### AVAILABLE DATA:

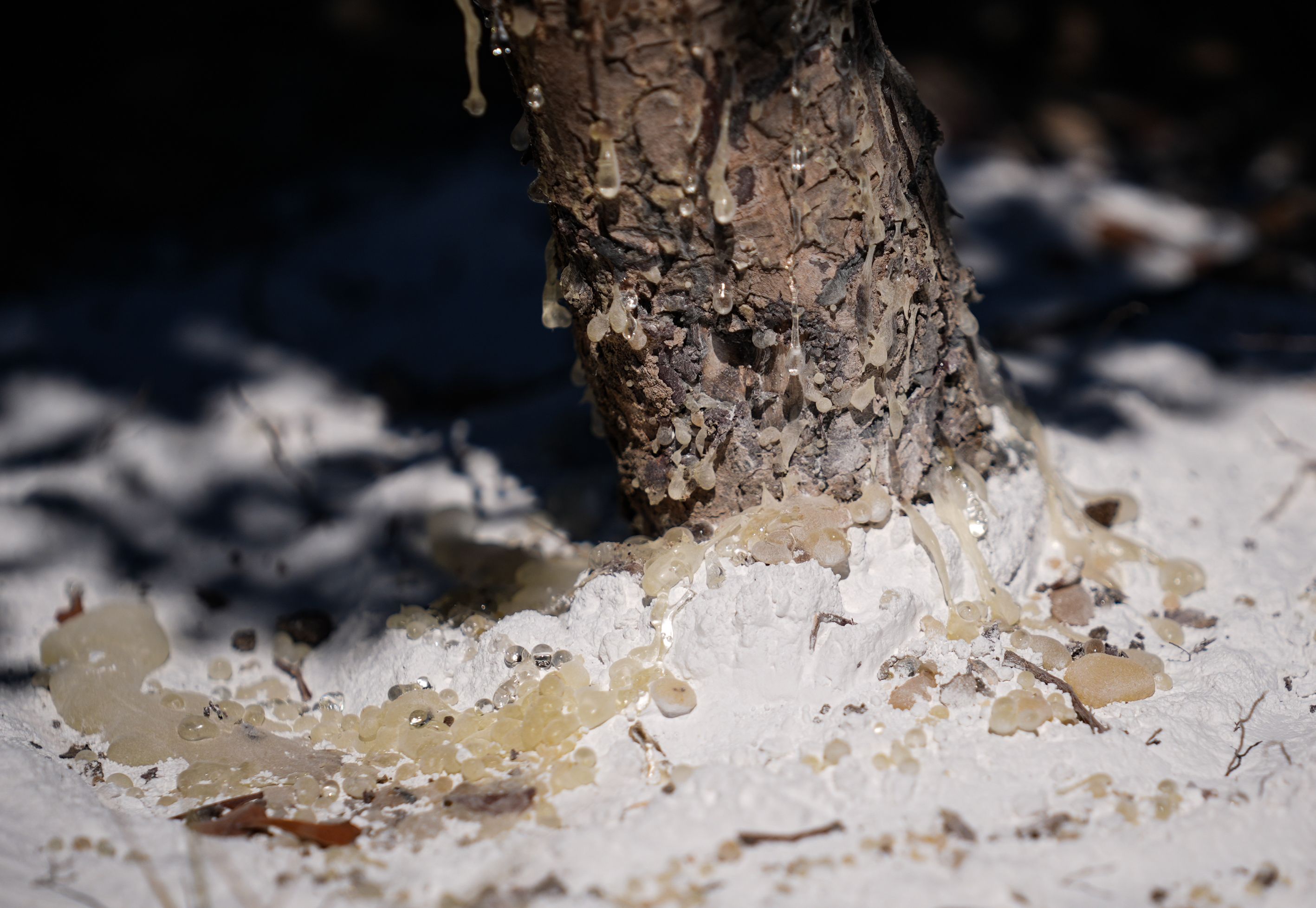 Ağaçtaki damla sakızı, çeşitli işlemlerle hasat ediliyor.
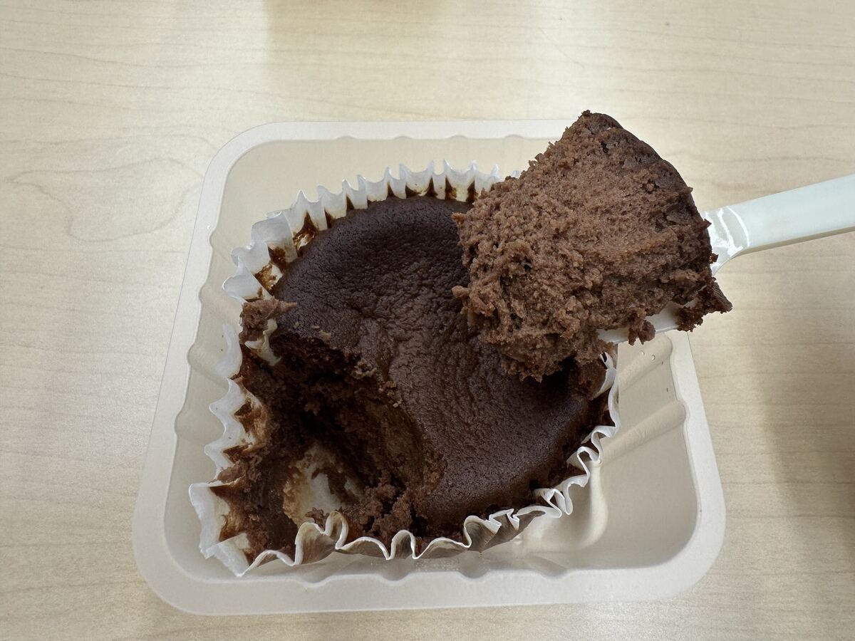 チーズケーキ同様、スプーンを入れるとサクっふわぁ〜とした軽さ! ひとくち食べると、ほんのりビターで濃厚な
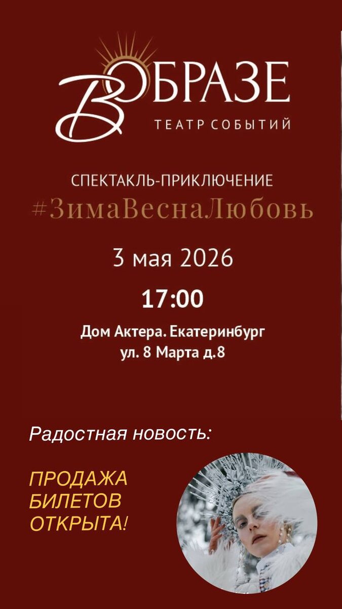 ! Мы с нетерпением жду 3 мая, когда на сцене ДОМА АКТЕРОВ состоится премьера нашего спектакля ПРО ЛЮБОВЬ ☘️ Это настоящая театральная постановка, полная эмоций и ярких моментов. Мы усердно репетируем, стремясь подарить вам незабываемый вечер ☘️ ☘️☘️☘️☘️☘️☘️☘️☘️☘️ ☘️ ☘️☘️☘️☘️☘️ И вот радостная новость: ПРОДАЖА БИЛЕТОВ НА СПЕКТАКЛЬ ОТКРЫТА! Лучшие места в первых рядах можно приобрести написав мне в личные сообщения. ☘️ Стоимость всего 1000р. Вас ждет два часа захватывающего зрелища, которое никого не оставит равнодушным. Приходите посмотреть спектакль и увидеть меня на сцене! Буду очень рада видеть вас среди зрителей. Уверена, этот вечер подарит вам массу положительных эмоций и приятных впечатлений. До встречи в театре! 🎭

### TASK INSTRUCTIONS:
Restate the material word for word; no picture should appear in the copy.

### SOLUTION FOR THIS TASK:
 Ağaçtaki damla sakızı, çeşitli işlemlerle hasat ediliyor.
 チーズケーキ同様、スプーンを入れるとサクっふわぁ〜とした軽さ! ひとくち食べると、ほんのりビターで濃厚な
 ! Мы с нетерпением жду 3 мая, когда на сцене ДОМА АКТЕРОВ состоится премьера нашего спектакля ПРО ЛЮБОВЬ ☘️ Это настоящая театральная постановка, полная эмоций и ярких моментов. Мы усердно репетируем, стремясь подарить вам незабываемый вечер ☘️ ☘️☘️☘️☘️☘️☘️☘️☘️☘️ ☘️ ☘️☘️☘️☘️☘️ И вот радостная новость: ПРОДАЖА БИЛЕТОВ НА СПЕКТАКЛЬ ОТКРЫТА! Лучшие места в первых рядах можно приобрести написав мне в личные сообщения. ☘️ Стоимость всего 1000р. Вас ждет два часа захватывающего зрелища, которое никого не оставит равнодушным. Приходите посмотреть спектакль и увидеть меня на сцене! Буду очень рада видеть вас среди зрителей. Уверена, этот вечер подарит вам массу положительных эмоций и приятных впечатлений. До встречи в театре! 🎭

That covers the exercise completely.